- _Task objective_
Drop the pictures and repeat the remaining data exactly.

══ Source material ══

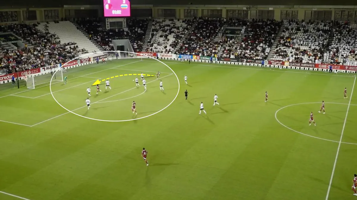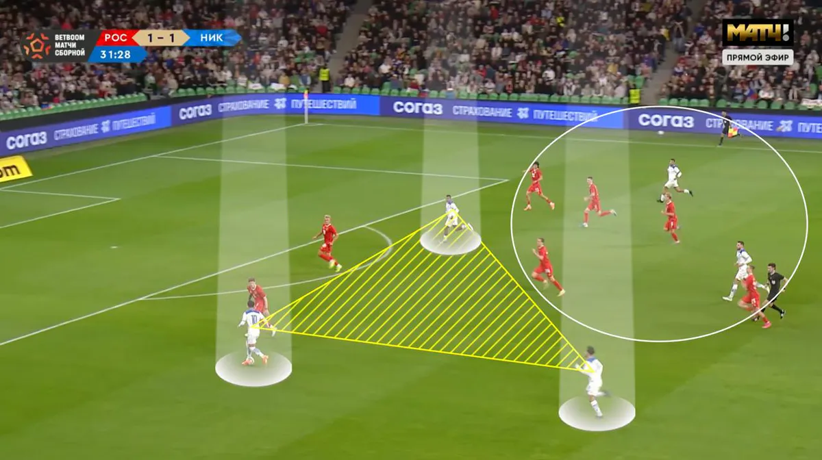 Важная особенность. Сборная России много атакует позиционно, вследствие чего остаётся пространство на своей половине. Многие футболисты не успевают возвращаться в оборону.
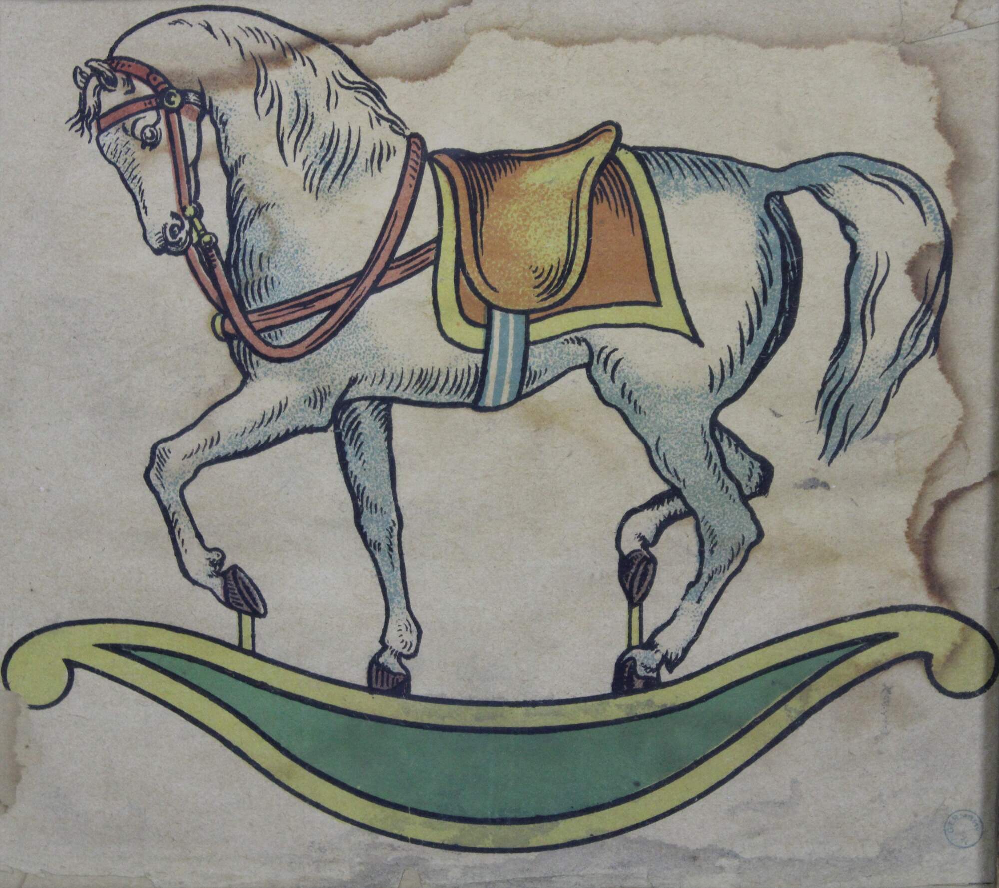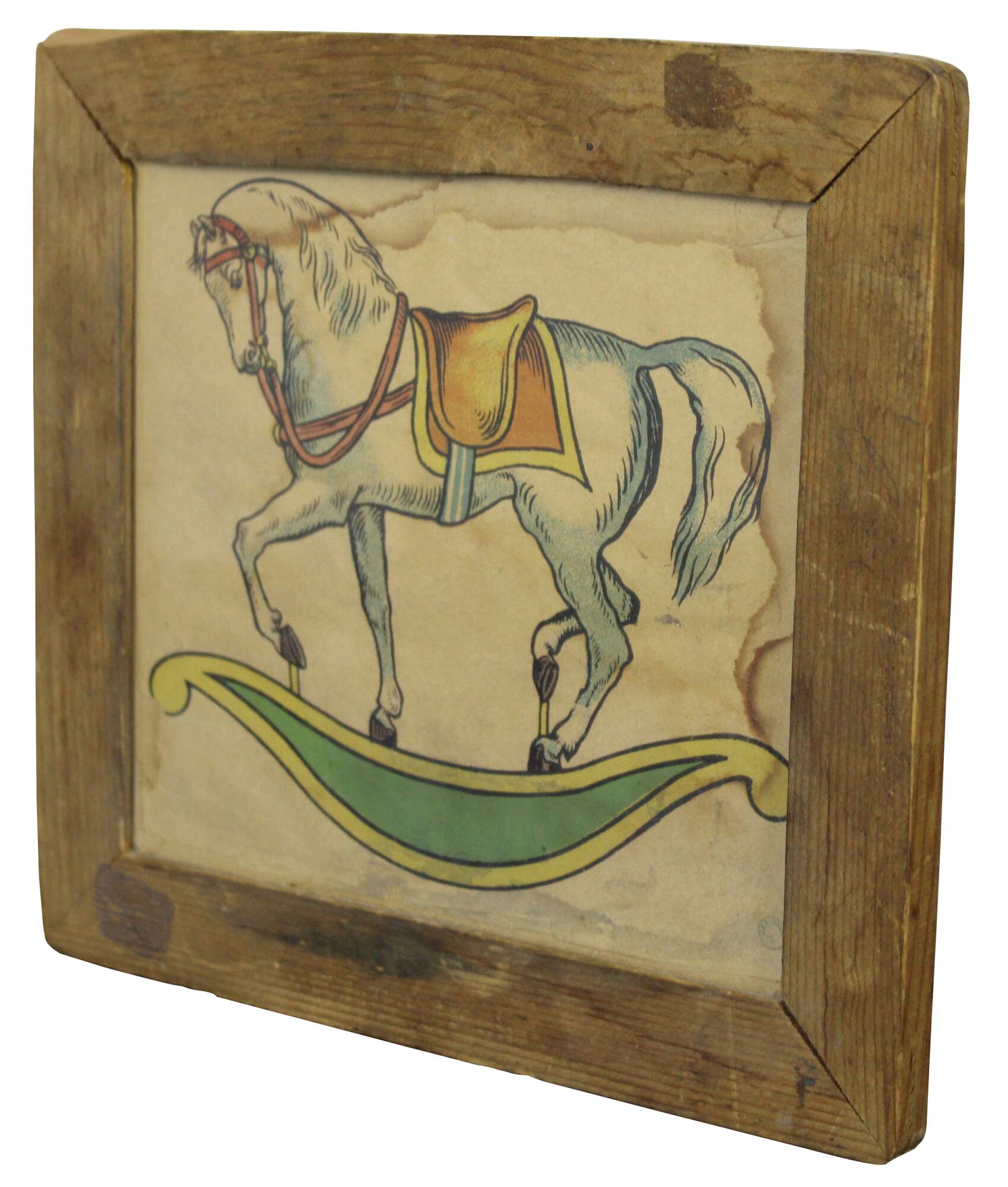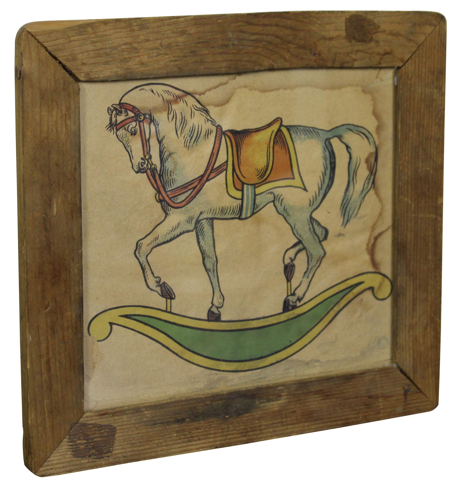 Antique picture book style print of a rocking horse, framed in a simple, primitive frame; print marked “Germany” in the lower corner.
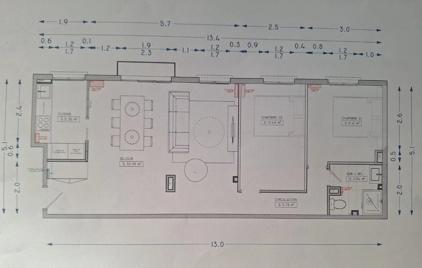 Deux chambres de 10m² (3ème chambre possible de 9,22m² en réduisant le séjour à 20m²)
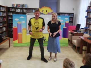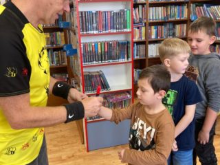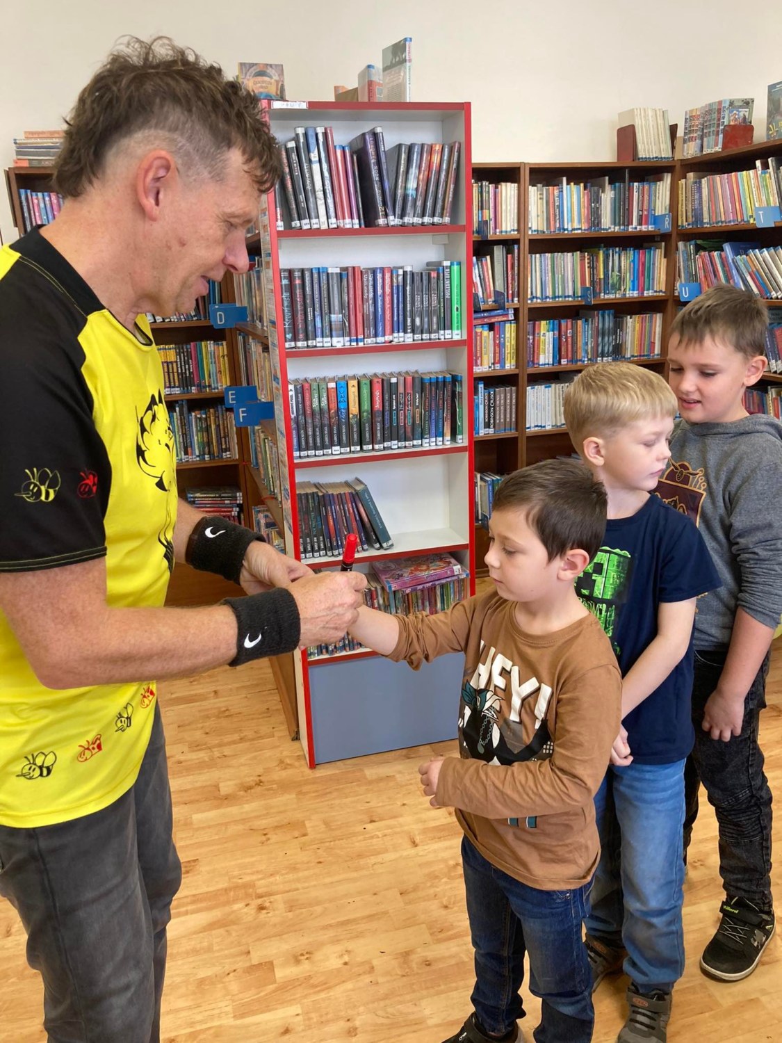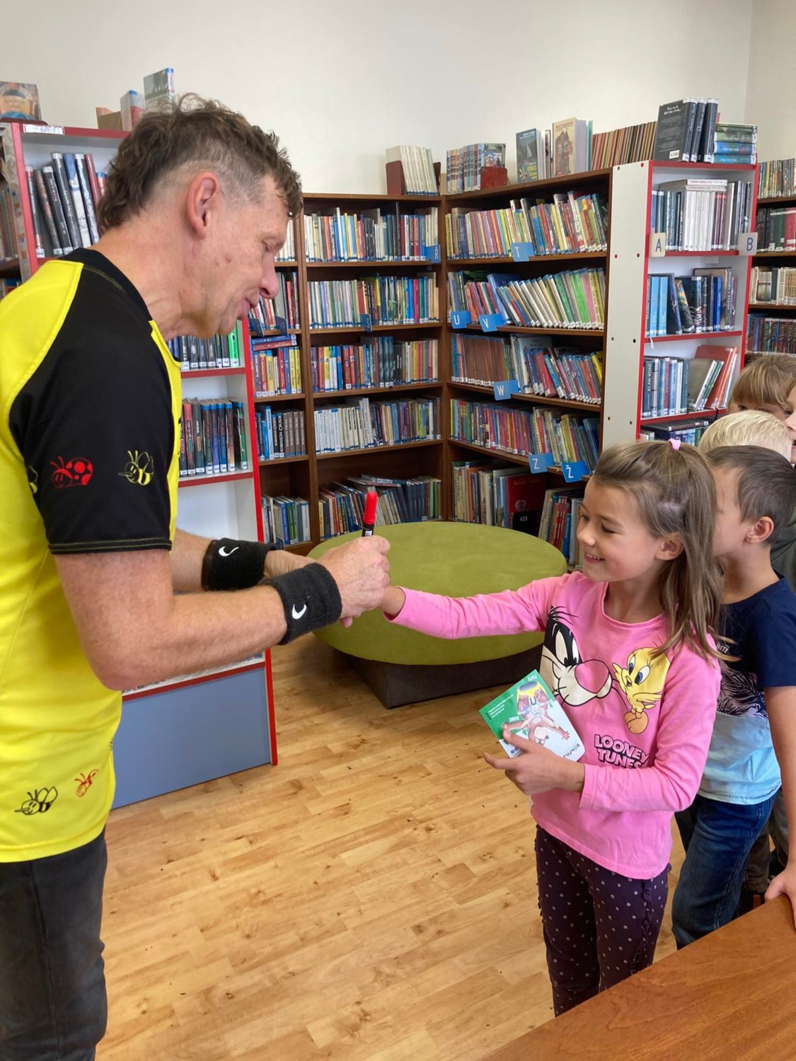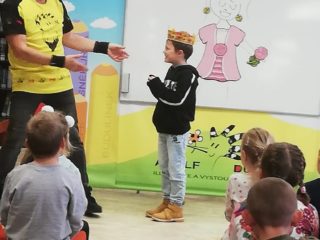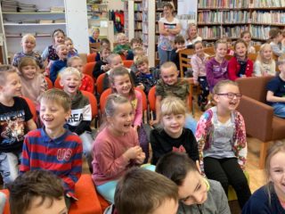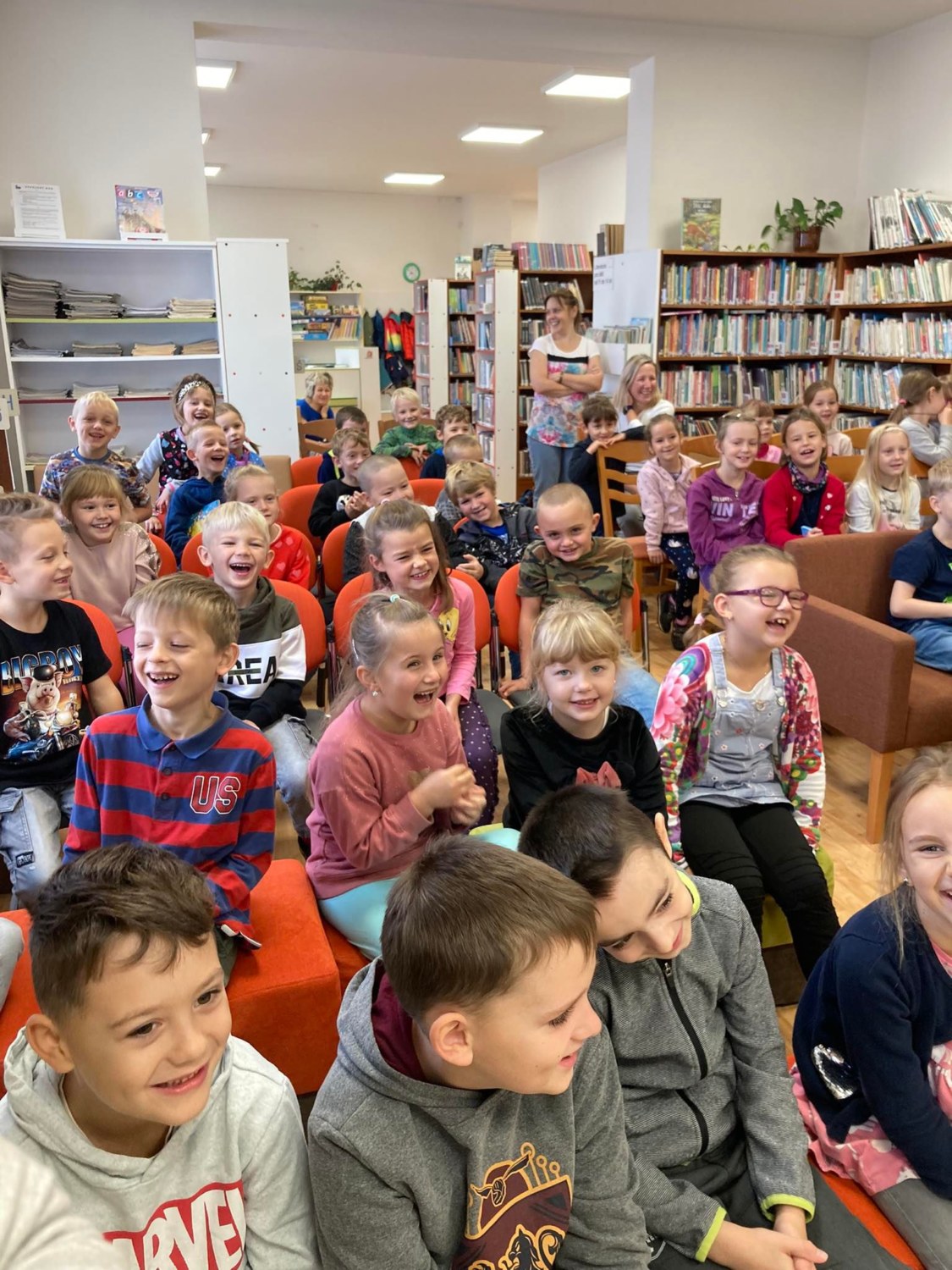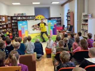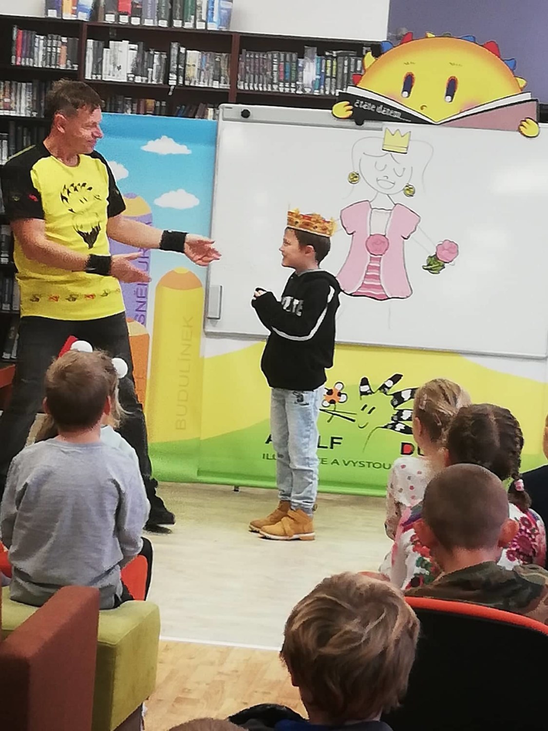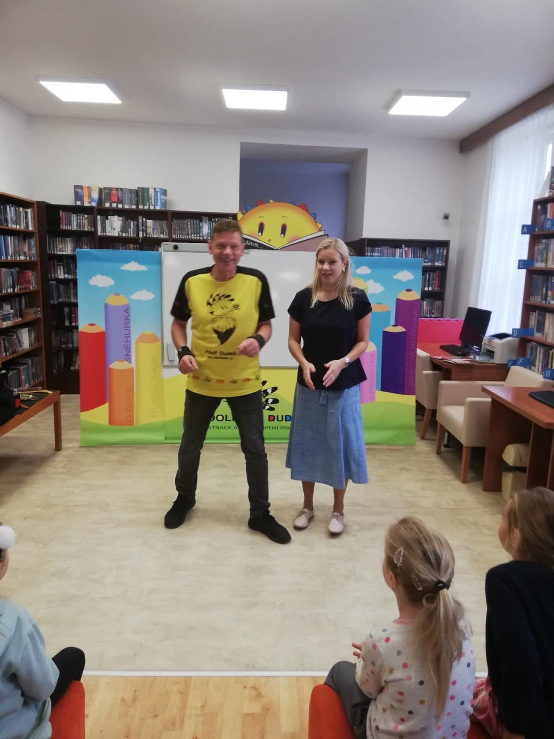 Knihovna v Lanškrouně nám nabídla, abychom přišli na besedu s ilustrátorem Adolfem Dudkem. To je nabídka, která se neodmítá. Pan Dudek je neskutečný šoumen, který rozdává hodně radosti. Děti prožily hodinu plnou aktivit, pohybu a především smíchu. Na závěr pan Dudek udělal dětem autogramiádu, kdy se jim podepsal a namaloval svojí“ podobu“ – ptáka dudka.
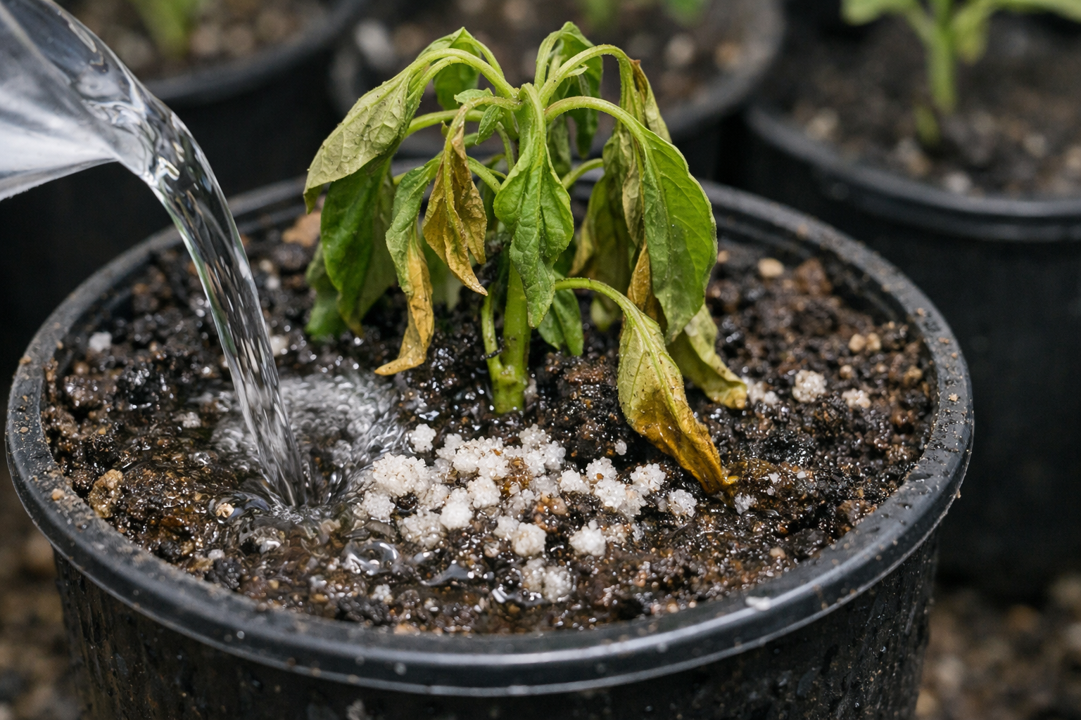 U sušnim područjima hilling se provodi rjeđe kako bi se zadržala vlaga u dubini. Visok greben brže isparava vodu i isušuje tlo oko korijena.Primjena gnojiva u brazde prije sadnje osigurava ishranu tijekom cijele vegetacije. Organska tvar se sporo razgrađuje i postupno hrani biljku bez spaljivanja korijena.
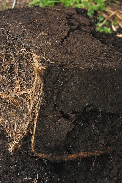 | これがダストボックスをひっくり返して取り出した土。 左側の底の部分には先端が曲がったゴボウや多くのひげ根が見える。 |
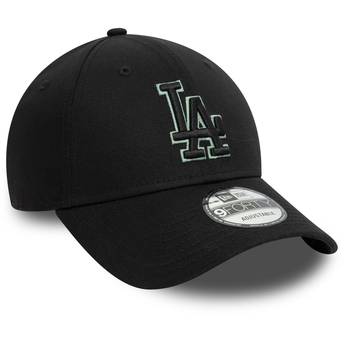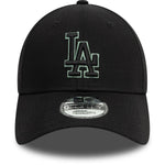 Gorra New Era 9FORTY AF de LA presenta un diseño monocromático de color negro con detalles en verde con el logotipo de LA en los paneles frontales y el flag de New Era bordado del lado izquierdo
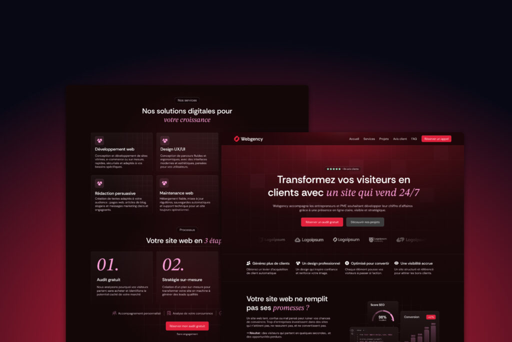 Chez Webgency, on conçoit des sites qui captivent dès la première seconde, pensés pour guider vos visiteurs jusqu’à l’action. Chaque détail est optimisé pour transformer l’attention en conversion.

═══

- _Completed exercise_
 Важная особенность. Сборная России много атакует позиционно, вследствие чего остаётся пространство на своей половине. Многие футболисты не успевают возвращаться в оборону.
 Antique picture book style print of a rocking horse, framed in a simple, primitive frame; print marked “Germany” in the lower corner.
 Deux chambres de 10m² (3ème chambre possible de 9,22m² en réduisant le séjour à 20m²)
 Knihovna v Lanškrouně nám nabídla, abychom přišli na besedu s ilustrátorem Adolfem Dudkem. To je nabídka, která se neodmítá. Pan Dudek je neskutečný šoumen, který rozdává hodně radosti. Děti prožily hodinu plnou aktivit, pohybu a především smíchu. Na závěr pan Dudek udělal dětem autogramiádu, kdy se jim podepsal a namaloval svojí“ podobu“ – ptáka dudka.
 U sušnim područjima hilling se provodi rjeđe kako bi se zadržala vlaga u dubini. Visok greben brže isparava vodu i isušuje tlo oko korijena.Primjena gnojiva u brazde prije sadnje osigurava ishranu tijekom cijele vegetacije. Organska tvar se sporo razgrađuje i postupno hrani biljku bez spaljivanja korijena.
 | これがダストボックスをひっくり返して取り出した土。 左側の底の部分には先端が曲がったゴボウや多くのひげ根が見える。 |
 Gorra New Era 9FORTY AF de LA presenta un diseño monocromático de color negro con detalles en verde con el logotipo de LA en los paneles frontales y el flag de New Era bordado del lado izquierdo
 Chez Webgency, on conçoit des sites qui captivent dès la première seconde, pensés pour guider vos visiteurs jusqu’à l’action. Chaque détail est optimisé pour transformer l’attention en conversion.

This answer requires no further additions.